ViCaS: A Dataset for Combining Holistic and Pixel-level Video Understanding using Captions with Grounded Segmentation

Ali Athar,Xueqing Deng,Liang-Chieh Chen
2024-12-13
Abstract:Recent advances in multimodal large language models (MLLMs) have expanded research in video understanding, primarily focusing on high-level tasks such as video captioning and question-answering. Meanwhile, a smaller body of work addresses dense, pixel-precise segmentation tasks, which typically involve category-guided or referral-based object segmentation. Although both research directions are essential for developing models with human-level video comprehension, they have largely evolved separately, with distinct benchmarks and architectures. This paper aims to unify these efforts by introducing ViCaS, a new dataset containing thousands of challenging videos, each annotated with detailed, human-written captions and temporally consistent, pixel-accurate masks for multiple objects with phrase grounding. Our benchmark evaluates models on both holistic/high-level understanding and language-guided, pixel-precise segmentation. We also present carefully validated evaluation measures and propose an effective model architecture that can tackle our benchmark. Project page: <a class="link-external link-https" href="https://ali2500.github.io/vicas-project/" rel="external noopener nofollow">this https URL</a>
Computer Vision and Pattern Recognition
What problem does this paper attempt to address?

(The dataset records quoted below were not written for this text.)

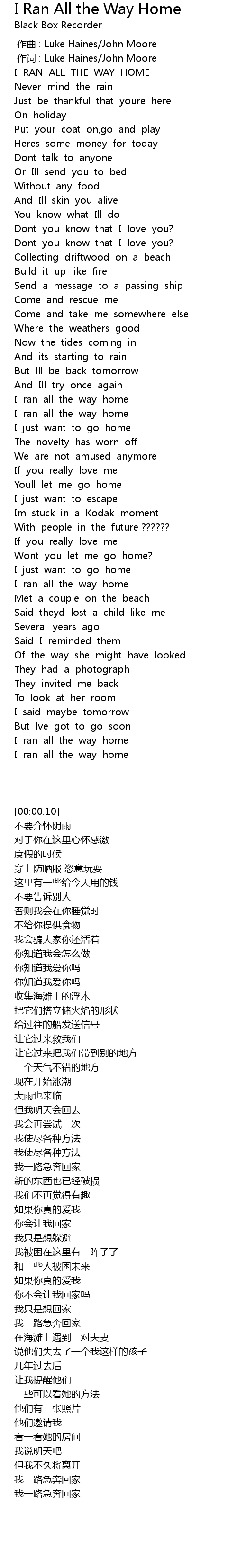 | [00:00.10] | I RAN ALL THE WAY HOME |
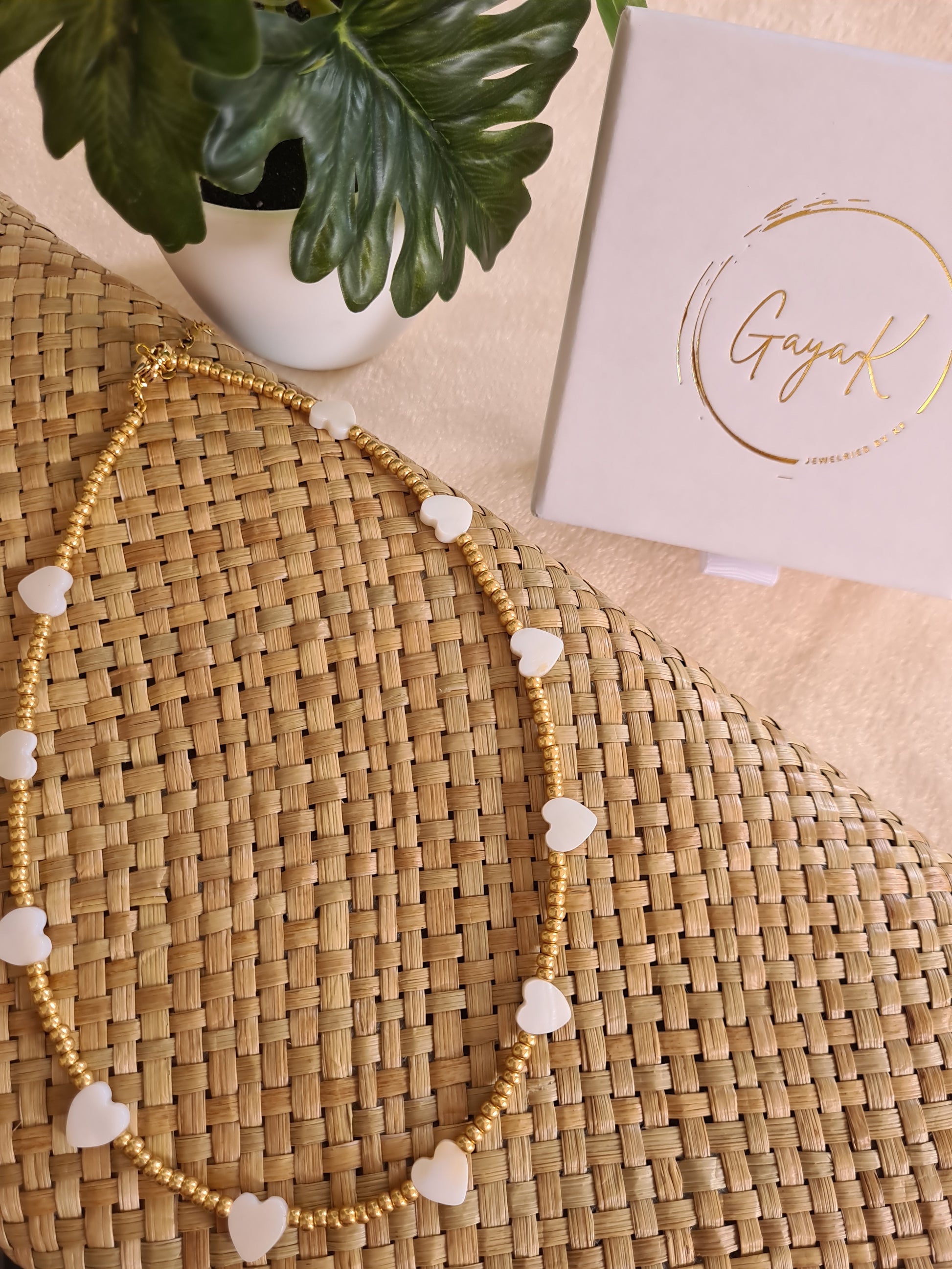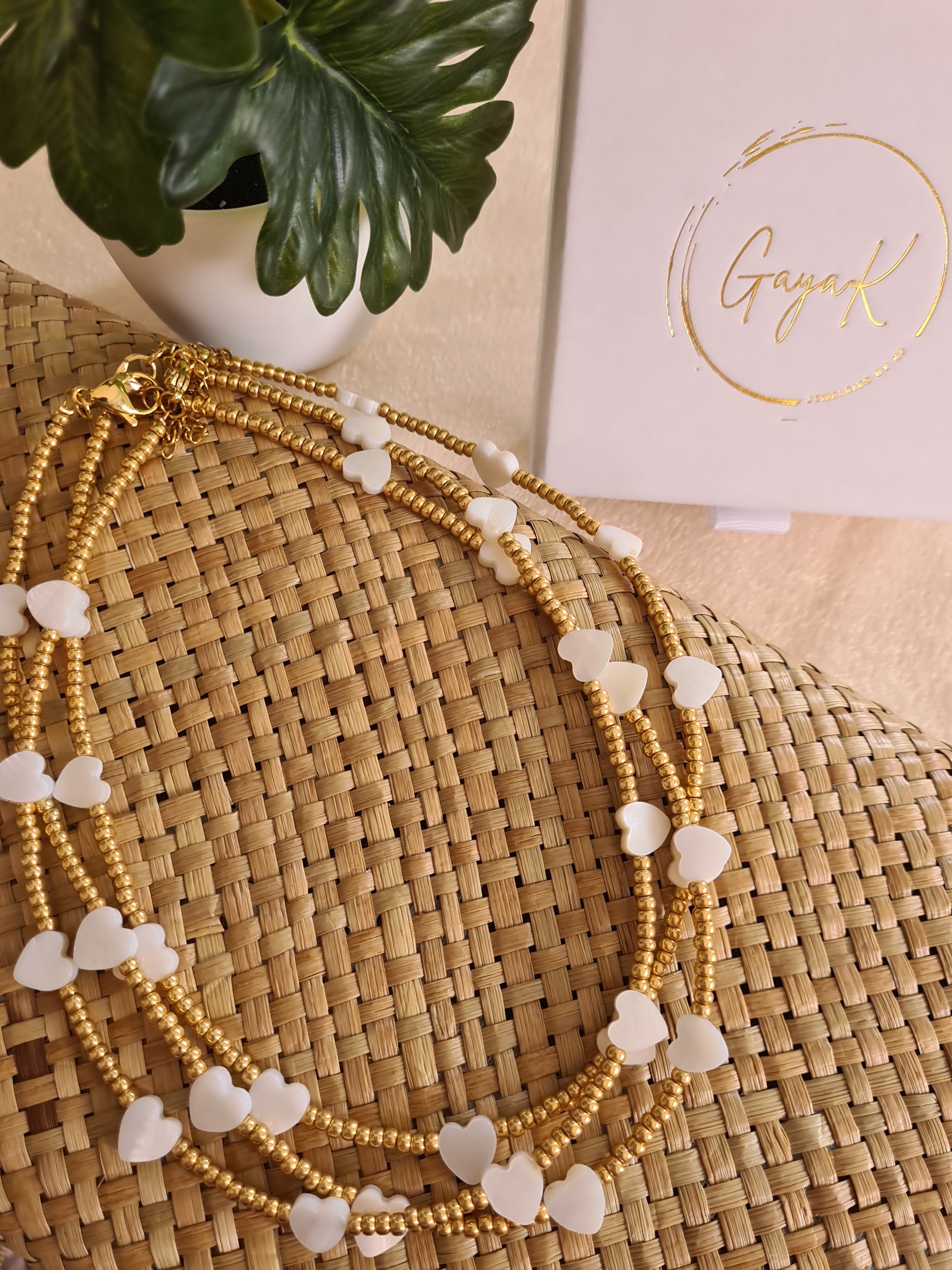 Experience the thrill of a lifetime with our handcrafted Necklace featuring radiant mother of pearls and gleaming gold beads. Don't miss out on this unique and daring addition to your jewelry collection!
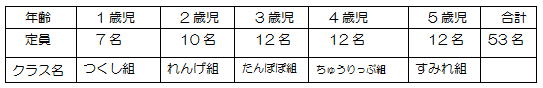 - 園長1名 事務員 1名 主任保育士1名 保育士7名
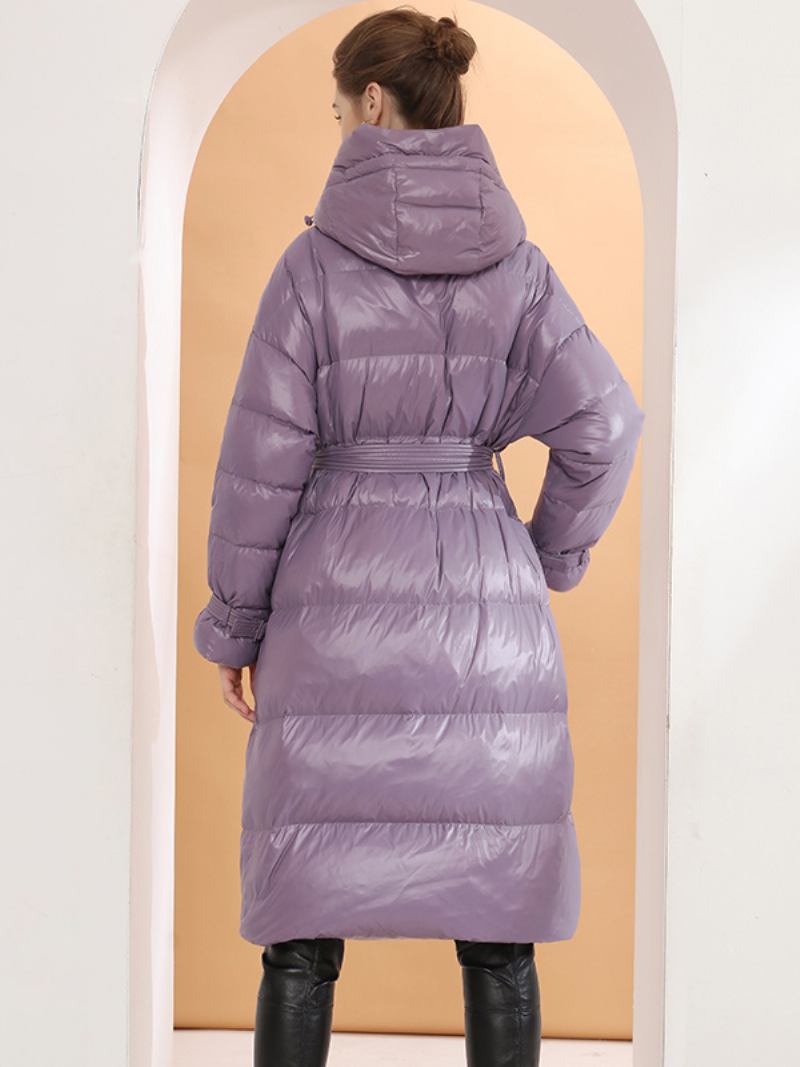 Casaco Com Capuz Roxo Longo Soprador Cinto Inverno Para Mulheres
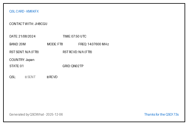 | JH8CGU | 2024-08-21 | 07:50 | 20M | FT8 | Japan |
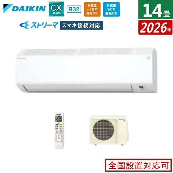 他の画像を見る ☆工事費込☆最大5年間延長保証申し込み可能! エアコン 14畳用 4.0kW 200V 工事費込み ダイキン CXシリーズ 2026年モデル S406ATCV-W-SET ホワイト 室外電源モデル S406ATCV-W-ko2 当店特別価格 ¥ 198,800 税込 ☆工事費込☆最大5年間延長保証申し込み可能! 詳細を見る お気に入りに登録する
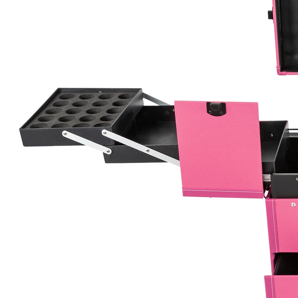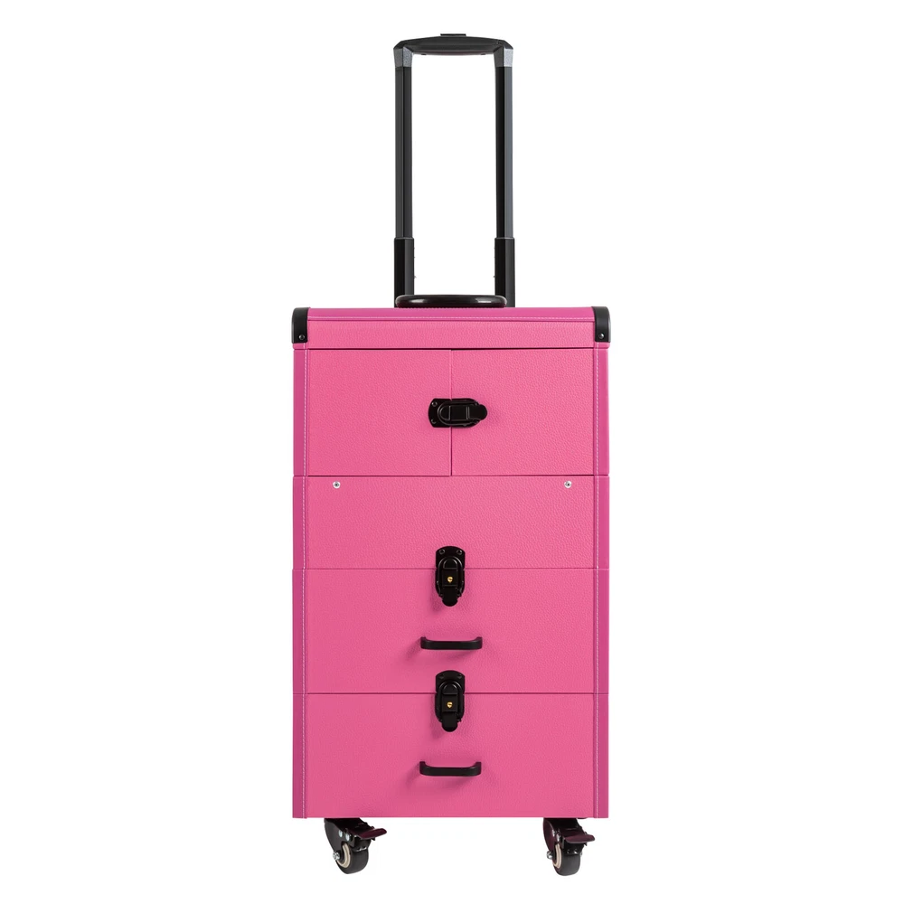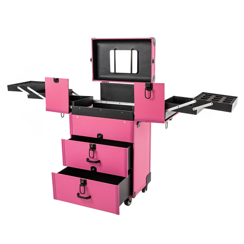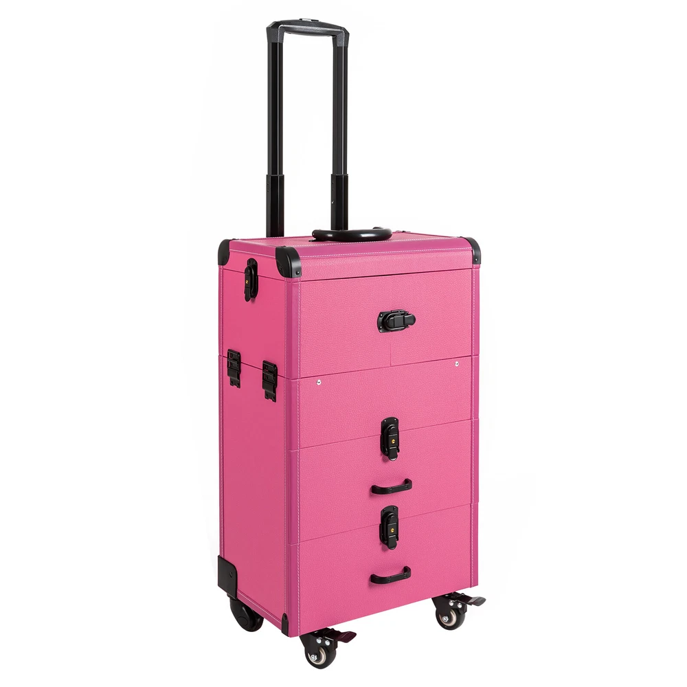 4 in 1 Rolling Zinc Alloy Makeup Train Case Salon Cosmetic Trolley Organizer Box Description If you are a make-up artist or embroiderer who often needs to go out to work, you will need our makeup train case. It is made of premium material, sturdy and durable. 4 universal wheels and a large capacity make it an excellent makeup assistant when outgoing. With its beautiful appearance, it is an ideal gift for your mother, sister, or wife. In addition, locks and latches can ensure high safety, so you can use this item confidently. Key Features Long Service Life: High-quality wood board and PVC make this product anti-corrosion, waterproof, and rustproof and not easily deform, thus ensuring a long service life. Easy to Move & Carry: The 4 universal wheels(2 with brakes) ensure silent and smooth rolling and you can fix it stably. With the practical pull rod and comfortable handle, you can carry this product with less effort. Large Capacity: 4 retractable trays on the top, a large space in the middle, and 2 large drawers at the bottom can provide enough storage space for various cosmetics and makeup tools, such as foundation, eye shadow, blush powder, skin care products, sprays, hair tools. Neat Storage: With different partitions, you can arrange cosmetics in an orderly manner, saving the countertop space and saving time searching for cosmetics, giving your dressing table a new look. Excellent Load-bearing Capacity: The premium materials and rectangular structure provide the make-up case with a maximum weight-bearing capacity of about 110.23 lbs. You can place all kinds of hairdressing and beauty tools on it with confidence. Ready to Use: You can use this product without tedious assembly after receiving it, which saves you time and energy. Stylish Appearance: The rectangular frame, beautiful rose color, and anti-scratch diamond patterns give this product a stylish look, which is a brilliant view when you are carrying it outside. Thoughtful Design: The clear and bright makeup mirror in the case is convenient for you to create the ideal makeup look. The EVA partition can protect your cosmetics from being damaged and allow for neat storage. Ideal Gift: Its exquisite design and large capacity make this product a great gift to your mother, girlfriend, sisters, wife and loved ones so that they can enjoy more convenient makeup time. Protective Shipping: To prevent the product from being damaged and bumped during transportation, we fill the package with an anti-collision sponge to protect your products to the maximum extent possible. Customer Service: We aim to provide quality products and services. If you have any problems, please feel free to contact us. We will reply and solve the problem for you as soon as possible. Details Zinc Alloy Corner Wrap: The zinc alloy corner wrap with a round design can not only protect your case from impact but also better care for your skin. Locks and Latch: They are solid and durable to effectively protect the inside items from loss. Application Professional makeup artists, hairdressers, beauticians, manicurists, beauty lovers, etc. can use this product to store cosmetics and makeup tools. It is ideal for makeup contests, wedding makeup scenarios, travel makeup, outdoor shooting, cinemas, dressing rooms, crew, tourism, beauty salons, and more. How to Lock 1. Lift the steel ring. 2. Press the lock plate. 3. Insert the key. 4. Turn clockwise to lock it, and turn counterclockwise to open it. 5. The case is locked. Specification Color: Rose Shape: Rectangular Material: Zinc Alloy, Wood Board, PVC, EVA Style: Modern Assembly Required: 1 Number of Items: 1 Mounting Type: Free Standing Overall Load-bearing Capacity: About 50kg/110.23 lbs Wheel Height: 7cm/2.76in Overall Product Size: 37*24*66cm/14.57*9.45*25.98in Pull Rod Length: 43cm/16.93in Mirror Size: 16.5*11cm/6.5*4.33in Each Tray Size: 19.5*16.5*4.5cm/7.68*4.69*1.77in Middle Space Size: 34*21*12cm/13.39*8.27*4.72in Each Drawer Size: 34*20*11cm/13.39*7.87*4.33in Package Size: 42*32*72cm/16.54*12.6*28.35in Net Weight: 9.8kg/21.61 lbs Gross Weight: 12kg/26.46 lbs Package Included 1 x Makeup Train Case 2 x Keys Notes 1. The service wear of the case is a normal phenomenon. In the process of daily use, please try to avoid excessive impact and drop to extend the lifespan of the product. 2. Please use soft tools and water to clean. Please keep away from corrosive liquids. Please avoid long-term exposure to the sun. 3. Please clear the wheels in time to maintain smooth movement. 4. Please allow the slight color difference caused by the shooting light and the 1-3cm error due to manual measurement. Please make sure you do not mind before you order. Payment Delivery details Terms of sales About us Contact us Payment We accept ebay payment ă Fees such as import duties, taxes are not included in the item price or shipping costs. These charges are the buyer's responsibility. Delivery details Shipping: 2-9 working days to: USA Terms of sales We maintain high standards of excellence and strive for hundred percent customer satisfaction. Feedback is very important to us. We hope that you contact us immediately before you give neutral or negative feedback, so that we can address your concerns. It is impossible to address issues if we do not know about them! About us Your satis faction is our ultimate goal. We work hard to earn your trust and future business. Our certified technicians have tested each item before shipping. The unit comes with 1 year limited warranty on all manufacturing defects. a) If you receive a defective item, you may return it or ask for a discount. Please contact us within 14 days after you receive the package. b) What you returned must be intact and in its original packaging as re? u. Customer is responsible for shipping costs of the returned item. c) We will cover the cost of shipping back t with the shipping rate indicated in the registration page. We will send you a new unit or refund the full payment you paid. Tha
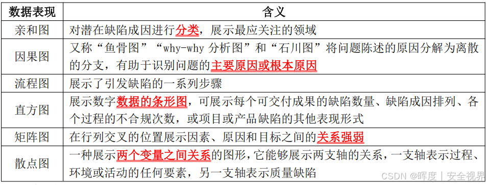 - 做什么 :以图形、数据或文字形式,整理并输出项目质量相关信息。
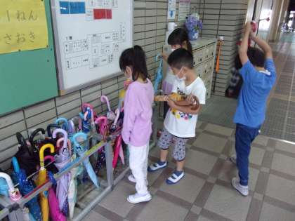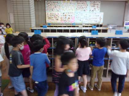 休み時間,ふと男子トイレを見ると,スリッパをしゃがんで整えている子がいます。帰りの会では,自分の用意の後,クラスの水筒入れを見て,まだ取りに行けていない友だちにせっせと届けている子もいます。こんな素敵な姿を目指して,まずは自分の後片付けを最後まで取り組んでいきます。
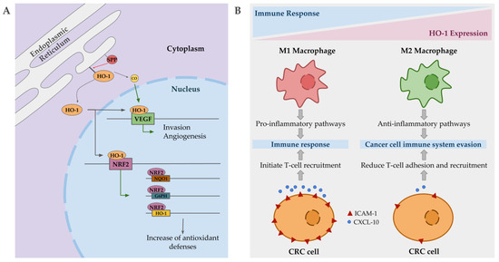 Mechanisms by which heme oxygenase 1 (HO-1) may contribute to cancer progression. (A) Signal peptidases (SPPs) mediate HO-1 compartmentation to the nucleus, where it regulates the expression of vascular endothelial growth factor (VEGF), promoting angiogenesis and invasion. CO, in a tumorigenic environment, may also promote the same previous effect. HO-1 also regulates nuclear erythroid 2-related factor (Nrf2) expression, which in turn regulates the expression of antioxidant enzymes such as HO-1, G6PH, and NQO1, enhancing the antioxidant capacities of the tumor cells. (B) HO-1 expressing macrophages are polarized into M2 state, promoting anti-inflammatory pathways and facilitating cancer cell to evade the immune system. In colorectal cancer (CRC) cells, the overexpression of HO-1 results in low levels of ICAM-1 and CXCL-10, reducing T-cell adhesion and recruitment.
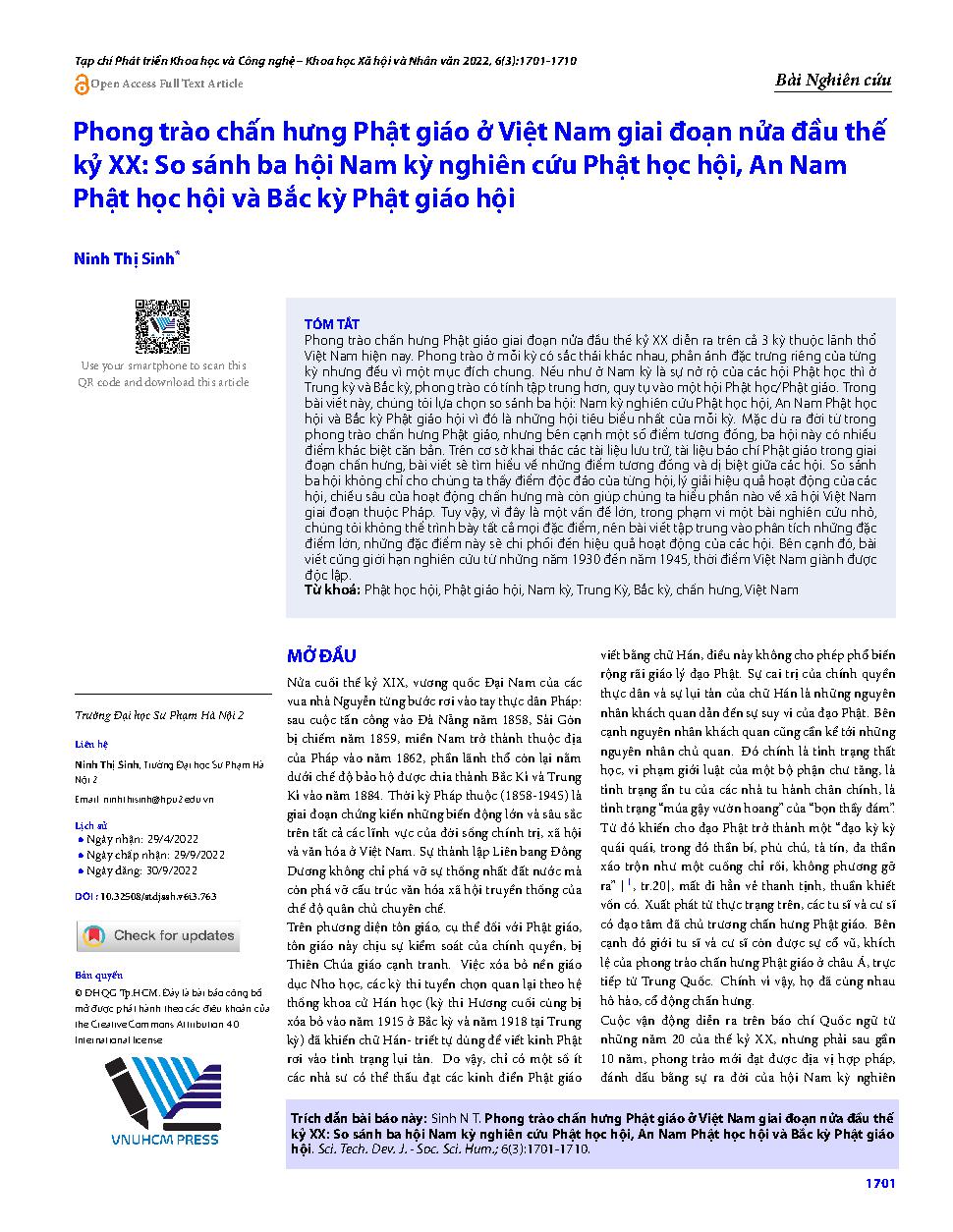 Phong trào chấn hưng Phật giáo ở Việt Nam giai đoạn nửa đầu thế kỷ XX: So sánh ba hội Nam kỳ nghiên cứu Phật học hội, An Nam Phật học hội và Bắc kỳ Phật giáo hội = The Vietnamese Buddhist revival movement in the first half of the twentieth century: compar

The problem that this paper attempts to solve is to combine high - level video understanding tasks (such as video caption generation and question - answering) with pixel - level video understanding tasks (such as text - prompt - based video instance segmentation). Currently, these two research directions mostly develop independently, with different benchmarks and architectures, and lack a unified framework to evaluate the model's ability in high - level understanding and fine - grained localization. Specifically, the paper raises the following questions: 1. **Separation between high - level video understanding and pixel - level understanding**: Existing research usually focuses on high - level tasks (such as video caption generation and question - answering) or pixel - level tasks (such as object segmentation), but few works pay attention to both aspects simultaneously. This separation results in the model being unable to fully understand video content, especially in cases where visual and language information need to be combined. 2. **Lack of comprehensive evaluation benchmarks**: Current benchmark datasets either focus on high - level understanding or on pixel - level localization, and there is no unified benchmark that can evaluate the performance in both aspects simultaneously. 3. **Limitations of existing datasets**: Existing datasets either provide detailed text descriptions or pixel - level segmentation masks, but few datasets can provide both high - quality text descriptions and pixel - accurate segmentation masks simultaneously, which limits the model's training and evaluation. To solve these problems, the paper introduces a new dataset named ViCaS (Video Captioning and Segmentation), which contains thousands of videos with detailed human - written captions and temporally consistent, pixel - accurate segmentation masks. The words and phrases in these captions are aligned with key objects, and each video is annotated with segmentation masks for multiple objects. In addition, the paper also proposes a new benchmark task to evaluate the model's ability in high - level understanding and pixel - level understanding, and introduces an effective end - to - end architecture named Video - LLaV A - Seg to handle these tasks. In this way, the paper aims to bridge the gap between high - level video understanding and pixel - level localization and promote the development of more comprehensive video understanding models.